If you mean, separating truth from fiction, then yes, I'm still doing that.

Not only are some of those benefits available to active personnel, they include family members as well who didn't serve.
So not only is "military spending" going to soldiers it also goes to civilians.


As some already pointed out, just because the gov't doesn't neatly divide it up for you to see, doesn't mean it ain't happening.


----------



## hunter63 (Jan 4, 2005)

WOW ......8 quotes in one post!
Impressive.


----------



## farmrbrown (Jun 25, 2012)

Irish Pixie said:


> And NY (especially the City) pays to house, clothe, and care for a bunch in the heartland and south as well. Damn liberals!





Irish Pixie said:


> That's the truth the entitled that receive the liberal largesse fails to grasp, isn't it? The liberals pay for most of the poor in the south as well.





mmoetc said:


> Which is why the second half of the article, emphasising the number of folks on SNAP is telling. With the cost of living being higher in Cali than Miss it’s not surprising.
> 
> How about we look at the poverty level of states. Who do you think pays for the federal programs that support those in high poverty states?
> 
> ...



I'll do one better, lol
The posts above are correct.

https://www.minnpost.com/health/2007/11/party-rich-democrats-or-republicans

https://capitalresearch.org/article/party-one-percent/

It's not a big majority but it's a fact that most of the wealthiest Americans are Democrats.
Conceding that it's the wealthy that pay most of the income taxes, they therefore are supporting more of the gov't benefits to the poor.
And since they are voting for those programs and paying the larger share of the costs, I guess no one can really argue they aren't putting their money where their mouth is.


----------



## mmoetc (Oct 9, 2012)

Bearfootfarm said:


> You're quite magnanimous.


Just doing my part to help you keep your post count up.


----------



## mmoetc (Oct 9, 2012)

haypoint said:


> As a percentage of state's income, I'd guess bases in MS are more important to MS than the ones in CA.

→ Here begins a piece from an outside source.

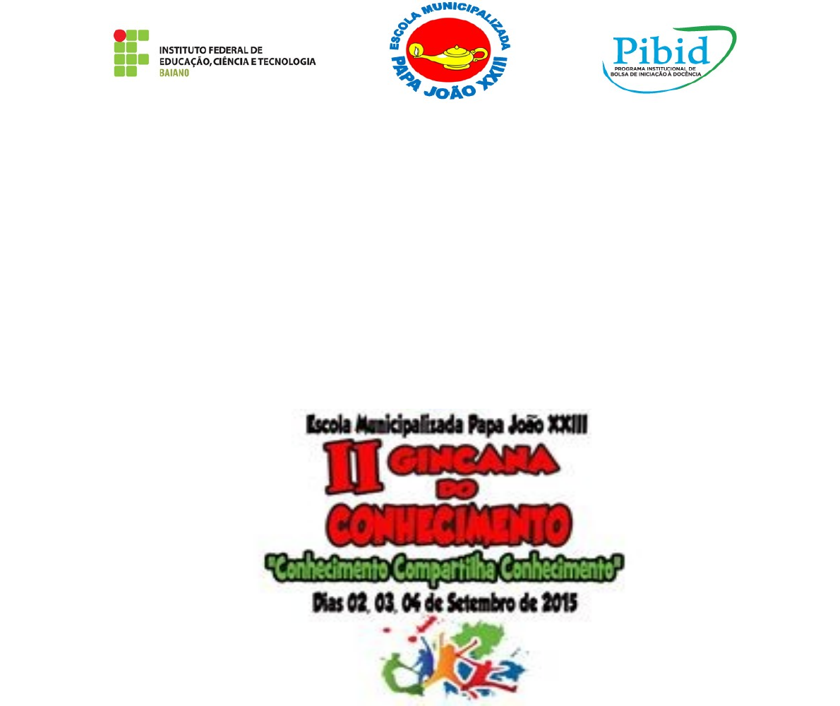 PROJETO DE INTERVENÇÃO: GINCANA DO CONHECIMENTO Santa Inês-Ba 2015 Ana Cristina S. Cavalcanti Cremilda Silva Santos Eduardo Santos de Souza Leandro Santos Rodrigues Maria Aparecida Mota dos Santos Manoelito Reis Nascimento Junior Thassio Vinicios da Silva Almeida Vanessa Souza Rotondano PROJETO DE INTERVENÇÃO- GINCANA DO CONHECIMENTO SANTA INÊS/BA 2015 TITULO Conhecimento Compartilha Conhecimento JUSTIFICATIVA Baseando-se em uma educação escolar focada nos pressupostos de que o aluno é o protagonista das ações, as quais proporcionam a construção do conhecimento, a Escola Municipalizada Papa João XXIII junto ao Programa Institucional de Bolsas de Iniciação à Docência – PIBID do Instituto Federal Baiano Campus – Santa Inês, propõem a realização da II GINCANA DO CONHECIMENTO. Esta ação visa atender ao Projeto Político Pedagógico da Escola, bem como, às orientações do projeto do PIBID, que tem como título: A formação do professor: (re) pensando a prática pedagógica em Geografia na educação básica em escolas do Vale do Jiquiriçá. Diante disso, acredita-se que a GINCANA DO CONHECIMENTO, tendo como tema: CONHECIMENTO COMPARTILHA CONHECIMENTO, ao contemplar o cotidiano do aluno, promoverá o conhecimento através de atividades lúdicas e jogos dotando-se das influências exercidas pelas novas tecnologias e seus objetos. Igualmente, tais atividades serão relevantes para que haja troca de experiências e socialização entre alunos, professores e demais colaboradores da escola, promovendo assim um ambiente de respeito, interação, integração e aprendizagem. As atividades propostas nesta ação visam atender aos seguintes objetivos: OBJETIVO GERAL Promover o conhecimento e socialização de saberes a partir da e revisão dos conteúdos estudados de forma lúdica contemplando a integração da comunidade escolar. OBJETIVOS ESPECÍFICOS Promover integração, união, diversão, entretenimento, companheirismo e espírito esportivo entre os participantes do evento; Oferecer desafios diferentes nos eventos de animação, com variadas provas que envolvem habilidades, criatividade, raciocínio, agilidade, conhecimento, estratégia e baseando nos quatro pilares da educação: a) Aprender a ser; b) Aprender a conhecer; c) Aprender a conviver; d) Aprender a fazer; Integrar os alunos, professores e equipe pedagógica; Despertar o espírito de competição sadia; Avaliar os alunos de forma interdisciplinar. INTERVENÇÃO JUNTO AOS PROFESSORES E DEMAIS INTEGRANTES DA COMUNIDADE ESCOLAR: Sensibilizar o grupo sobre a questão das drogas em sua vida, na sala de aula, na escola e arredores. Ajudar o grupo a repensar sua atitude no dia-a-dia, reconhecendo a importância da escola como um espaço de formação humana. Participar de ações educativas que visam melhorar o comportamento de todos com relação à diversidade. Facilitar a percepção do grupo acerca de mitos e preconceitos. Sensibilizá-los para a participação direta da família na escola mantendo uma relação que possibilite a realização de uma educação de qualidade. PUBLICO ALVO Todas as turmas do Ensino fundamental II DATA DE REALIZAÇÃO: 02,03,04/09/2015 PARTICIPAÇÃO: Pibidianos Coordenador/Diretor Comunidade no geral RECURSOS Jogos educativos diversos; vários tipos de papeis; Caixa de som/microfone; Materiais recicláveis; Troféus. RESULTADOS ESPERADOS A integração dos participantes, o aprendizado com as provas aplicadas e a contribuição junto à sociedade. REGULAMENTO PROJETO DE INTERVENÇÃO- GINCANA DO CONHECIMENTO Baseando-se em uma educação escolar focada nos pressupostos de que o aluno é o protagonista das ações, as quais proporcionam a construção do conhecimento, a Escola Municipalizada Papa João XXIII junto ao Programa Institucional de Bolsas de Iniciação à Docência – PIBID do Instituto Federal Baiano Campus – Santa Inês, propõem a realização da II GINCANA DO CONHECIMENTO. Esta ação visa atender ao Projeto Político Pedagógico da Escola, bem como, às orientações do projeto do PIBID, que tem como título: A formação do professor: (re) pensando a prática pedagógica em Geografia na educação básica em escolas do Vale do Jiquiriçá. Diante disso, acredita-se que a GINCANA DO CONHECIMENTO, tendo como tema: CONHECIMENTO COMPARTILHA CONHECIMENTO, ao contemplar o cotidiano do aluno, promoverá o conhecimento através de atividades lúdicas e jogos dotando-se das influências exercidas pelas novas tecnologias e seus objetos. Igualmente, tais atividades serão relevantes para que haja troca de experiências e socialização entre alunos, professores e demais colaboradores da escola, promovendo assim um ambiente de respeito, interação, integração e aprendizagem. 1. DISPOSIÇÕES GERAIS Este documento dispõe sobre os critérios e regulamentação da GINCANA DO CONHECIMENTO, tendo como tema: CONHECIMENTO COMPARTILHA CONHECIMENTO, a ser realizada entre os dias 2,3 e 4 de setembro de 2015. 1.1 - Este Regulamentofoi elaborado pela equipe coordenadora desta gincana, especialmente instituída pela direção da escola. O mesmo será publicado no mural da escola e em sua página na rede social Facebook para que todos os envolvidos tenham ciência. 1.2 - Todas as pessoas que participarem do evento estarão sujeitas às condições deste Regulamento. 1.3 - Não serão aceitas alegações de desconhecimento deste documento, já que será dada a necessária e suficiente publicidade do mesmo, com o apoio imperioso das equipes. 1.4 - É de responsabilidade do coordenador e líder da equipe a ampla divulgação junto aos integrantes de sua equipe. 1.5 - O regulamento desta gincana deverá ser lido por todos os líderes na presença da equipe coordenadora e posteriormente assinado como forma de afirmação e concordância dos mesmos aos critérios estabelecidos. 1.6 - Ao concordarem com este regulamento as equipes se comprometerão a cumprir todos os critérios deste re

You can guess whatever you’d like. I can’t argue against guesses. What would be more useful is to have some actual data that proves your contention that the amount of federal money spent on those military bases in Mississippi impacts the overall spending as you claim.


----------



## farmrbrown (Jun 25, 2012)

One more note in the eternal debate on "fairness and equality" - one that seems to have countless sides.........

Many of our military don't come from the same side of the tracks or from the wealthy states either.

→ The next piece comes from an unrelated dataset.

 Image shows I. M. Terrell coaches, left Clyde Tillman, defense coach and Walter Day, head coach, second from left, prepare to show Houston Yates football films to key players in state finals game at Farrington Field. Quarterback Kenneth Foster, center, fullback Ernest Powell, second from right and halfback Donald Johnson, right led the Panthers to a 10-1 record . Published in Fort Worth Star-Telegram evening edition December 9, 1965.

http://www.aei.org/publication/us-military-enlistment-rates-by-state-a-texas-sized-difference/


It's hard to make life "fair" isn't it?


----------



## Bearfootfarm (Jul 13, 2006)

mmoetc said:


> Just doing my part to help you keep your post count up.


What makes you think I need your help?


----------



## Bearfootfarm (Jul 13, 2006)

farmrbrown said:


> You do "admit" other people's errors, but I was referring to *admitting your own* this time.


You seem to be confused.
I didn't make an "error".
What I said was factual.
Most of what you've shown is unrelated to my statements.
I'm also not sure why you think quoting all those posts is somehow proof of some "error"



farmrbrown said:


> Not only are some of those benefits available to active personnel, they include family members as well who didn't serve.
> So not only is "military spending" going to soldiers it also goes to civilians.


Again you're arguing a point that has nothing to do with what I said.
That is what you always do. You just love to hear yourself ramble.



farmrbrown said:


> As some already pointed out, just because the gov't doesn't neatly divide it up for you to see, doesn't mean it ain't happening.


Just because you keep saying it doesn't mean it is.
You just keep trying to change the context because you're obsessed with "proving me wrong".



farmrbrown said:


> If you mean, separating truth from fiction, then yes, I'm still doing that.


Says the self described "con man".
You should know by now I'm not impressed.


----------



## mmoetc (Oct 9, 2012)

Bearfootfarm said:


> What makes you think I need your help?


Rest assured, I don’t. But it being the season of giving and me being the generous type I just thought I’d do my part.


----------



## catsboy (May 14, 2015)

farmrbrown said:


> One more note in the eternal debate on "fairness and equality" - one that seems to have countless sides.........
> 
> Many of our military don't come from the same side of the tracks or from the wealthy states either.
> 
> ...


During my time in the Marine Corp I ran into a lot of guys that fit your case. Most guys from West Va had a choice of coal mines or go into the military. Most dark green Marines were from inner cites and were looking for a way out. I did serve with one guy whose father was a VP at GM and enlisted for kinda the same reason I did. To prove to an over bearing father that they could make it without their help.


----------



## Bearfootfarm (Jul 13, 2006)

mmoetc said:


> But it being the season of giving and me being the generous type I just thought I’d* do my part*.


You always do your part.


----------



## farmrbrown (Jun 25, 2012)

Bearfootfarm said:


> You seem to be confused.
> I didn't make an "error".
> What I said was factual.
> Most of what you've shown is unrelated to my statements.
> I'm also not sure why you think quoting all those posts is somehow proof of some "error"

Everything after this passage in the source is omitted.